Table 2 Channel-specific electrophysiological patterns in NDMs3

MC (AD) MC (AR) Paramyotonia congenita Sodium channel myotonia
Short exercise test without cooling Little or no decrement in CMAP Early decrement in CMAP with quick recovery and diminishes with repetition Gradual and persistent reduction in CMAP No significant change of CMAP
Short exercise test with cooling Early decrement in CMAP with quick recovery and diminishes with repetition may be seen Cooling - little further effect Reduction enhanced further by cooling No significant change
NDMs: Non-dystrophic myotonia; MC: myotonia congenita; AD: autosomal dominant; AR: autosomal recessive; CMAP: compound motor action potential

Conclusion

Nondystrophic myotonia is a group of skeletal muscle channelopathies with many overlapping clinical features.
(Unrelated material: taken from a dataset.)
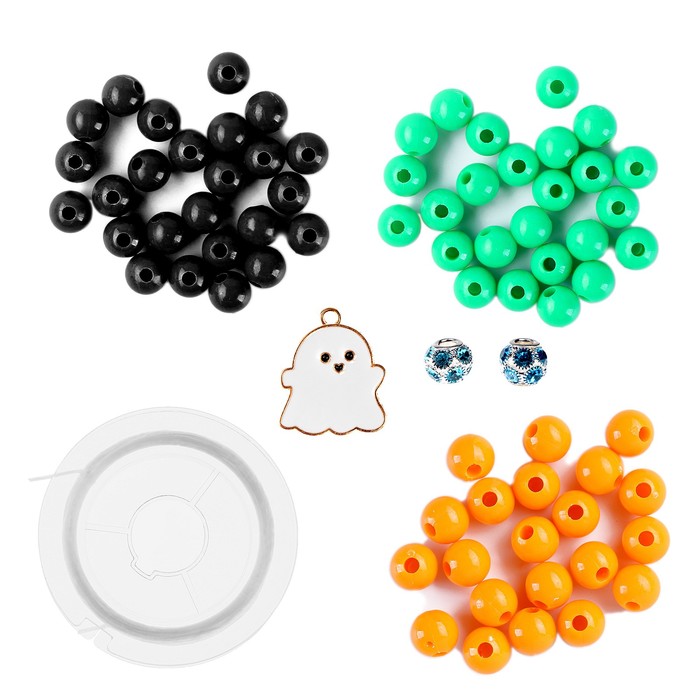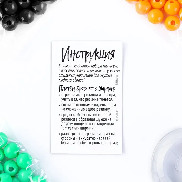 В наборе: бусины, шармик, нить-резинка, инструкция.

Clinical finding of myotonia without progressive deterioration or systemic involvement should raise the suspicion of NDMs. Although rarely seen, this condition can have significant negative impact on daily function. Early recognition and initiation of treatment especially in cases with severe symptoms would greatly improve quality of life.

Declaration of Interest

The authors declare that they have no financial or other conflicts of interest in relation to this publication.